La composition du réseau et ses contraintes

En règle générale, les réseaux que je construits se limitent à des tracés très simples, simplistes même : un ovale, unique ou double selon le type de ligne à reproduire, invariablement en paliers, sans rampes, ni gare souterraine à l’accès problématique.

Mais dans le cas présent, le passage du seuil de Bourgogne a infligé à l’artère Impériale une rampe sévère qui fait véritablement partie des éléments caractéristiques du site. C’eut donc été une faute que de faire l’impasse sur celle-ci !

 

 

Le réseau reproduira donc cet élément, et pour faire bonne mesure, comprendra à chaque extrémité une rampe hélicoïdale donnant l’accès à deux gares de coulisse souterraines.

En effet, outre sa rampe, Blaisy se singularise par le passage de batteries de trains se suivant à intervalles rapprochés dans un même sens de circulation, ainsi que par l’entrée du tunnel en double voies banalisées, venant après une section à quatre voies.

La manière la plus simple d’évoquer cette dernière particularité, consiste à réaliser un tracé de réseau en ovale de voie unique, replié à chaque extrémité, selon le principe dit de l’os de chien, les voies étant simplement dédoublées sur la section à quatre voies. 

Chaque raquette de retournement est alors équipée d’un nombre suffisant de voies de stockage.

 

 

La séquence d’exploitation en batterie commence donc par l’expédition des trains pairs depuis la première gare de coulisse, qui, après avoir traversé la gare de Blaisy, viendront se garer dans la seconde gare de coulisse.

Ils reprendront alors le départ, dans un ordre différent, pour retrouver leur place d’origine, mais paraissant constituer la batterie impaire, grâce au tracé en voie unique repliée, en os de chien.
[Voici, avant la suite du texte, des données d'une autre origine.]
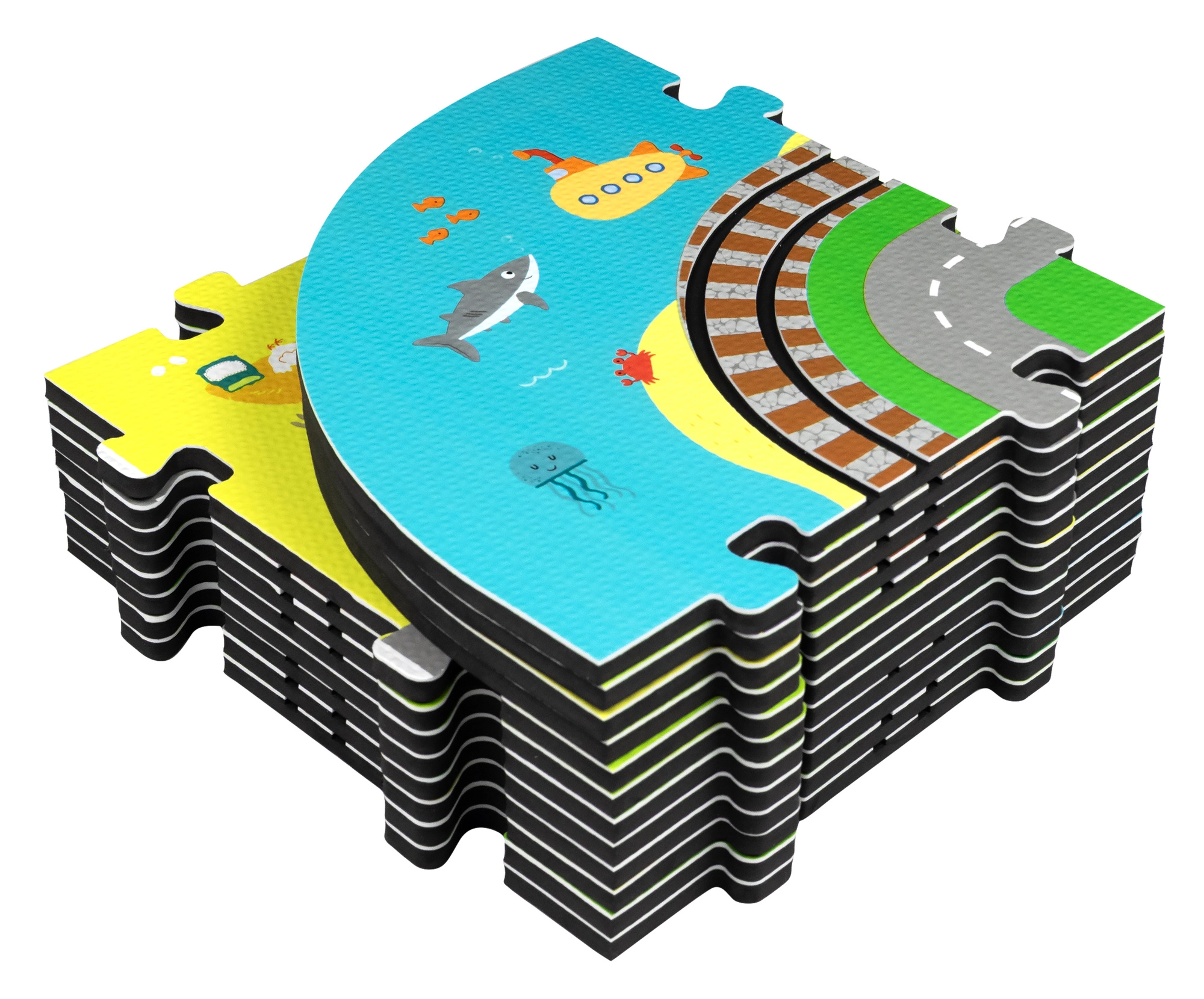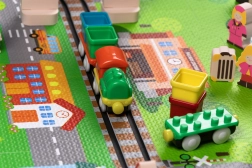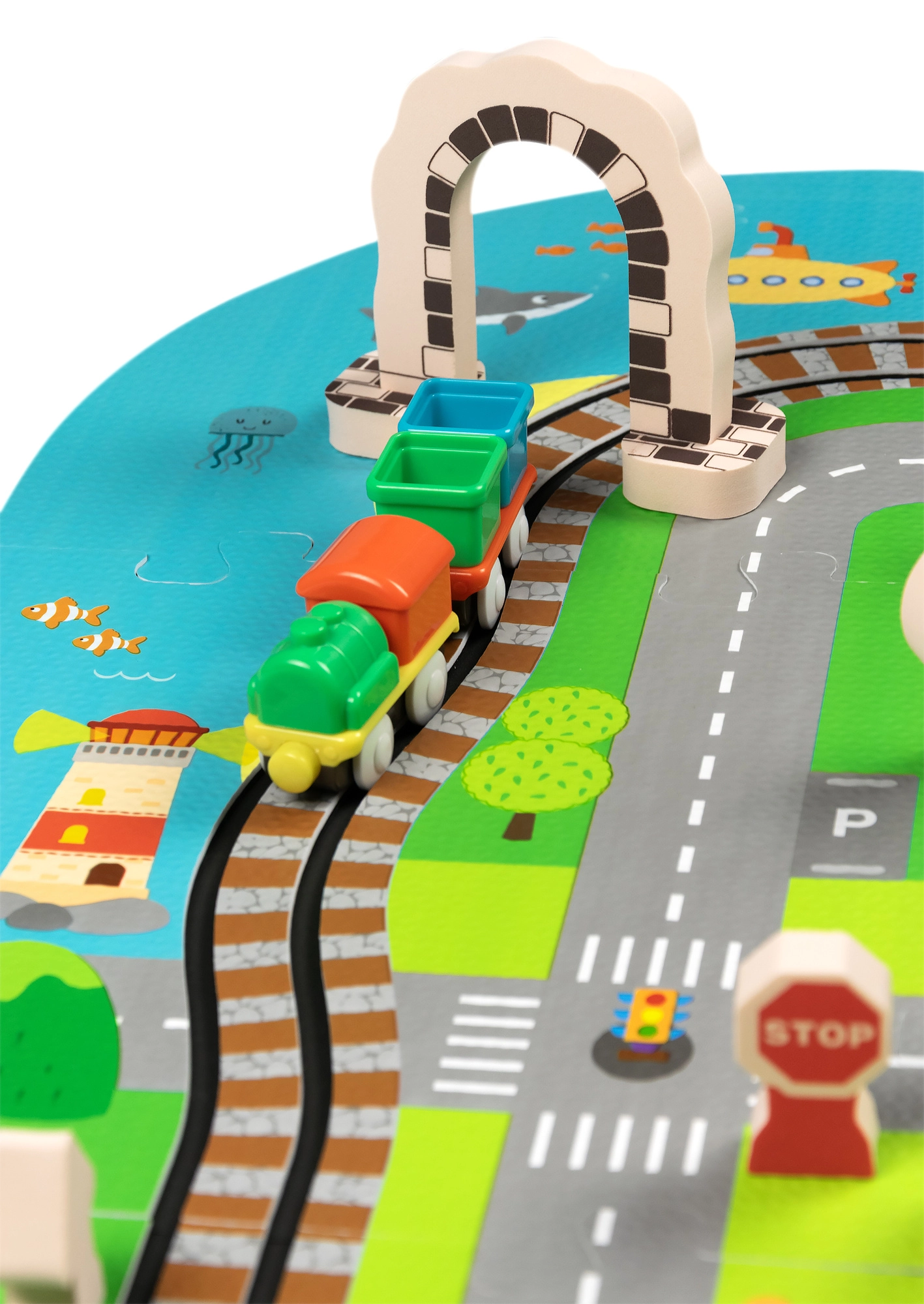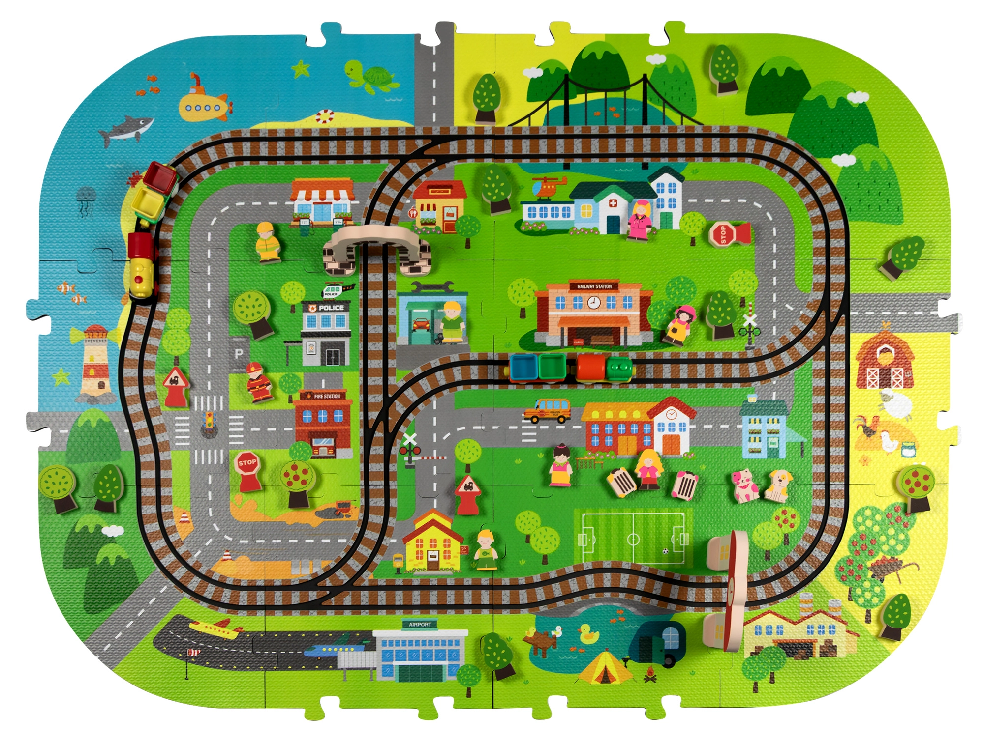 Αυτό το δημιουργικό σετ συνδυάζει ένα μαλακό χαλάκι δαπέδου με μια 3D πόλη και σιδηροτροχιές. Τα παιδιά στήνουν μια πολύχρωμη σκηνή με δρομάκια, κτίρια, αεροδρόμιο, φάρμα, θάλασσα, κάμπινγκ και βουνά και αφήνουν τη μηχανή με μπαταρίες να κινείται ομαλά πάνω στη συναρμολογημένη διαδρομή. Τα χοντρά κομμάτια αφρού EVA απορροφούν τους κραδασμούς, μονώνουν από το κρύο και δημιουργούν ασφαλή χώρο για παιχνίδι.

Simple et économique !

 

 

Aux abords de Blaisy, côté nord, venant de Paris, la ligne alors à quatre voies s’inscrit au fond de la vallée d’Oze, dans un paysage moyennement vallonné.

Le fond de décor sera consacré à l’évocation des pâturages séparés par des haies, alors qu’un portique de signalisation fermera la perspective afin de permettre à la ligne de gagner les coulisses.

 

 

Côté sud, vers Dijon, le relief est beaucoup plus marqué, ayant obligé les ingénieurs à bâtir de nombreux ouvrages d’art.

C’est d’ailleurs cette difficulté qui allait interdire la mise à quatre voie de cette section, et sa banalisation. Ainsi, ce Corail descend vers Dijon sur voie 2.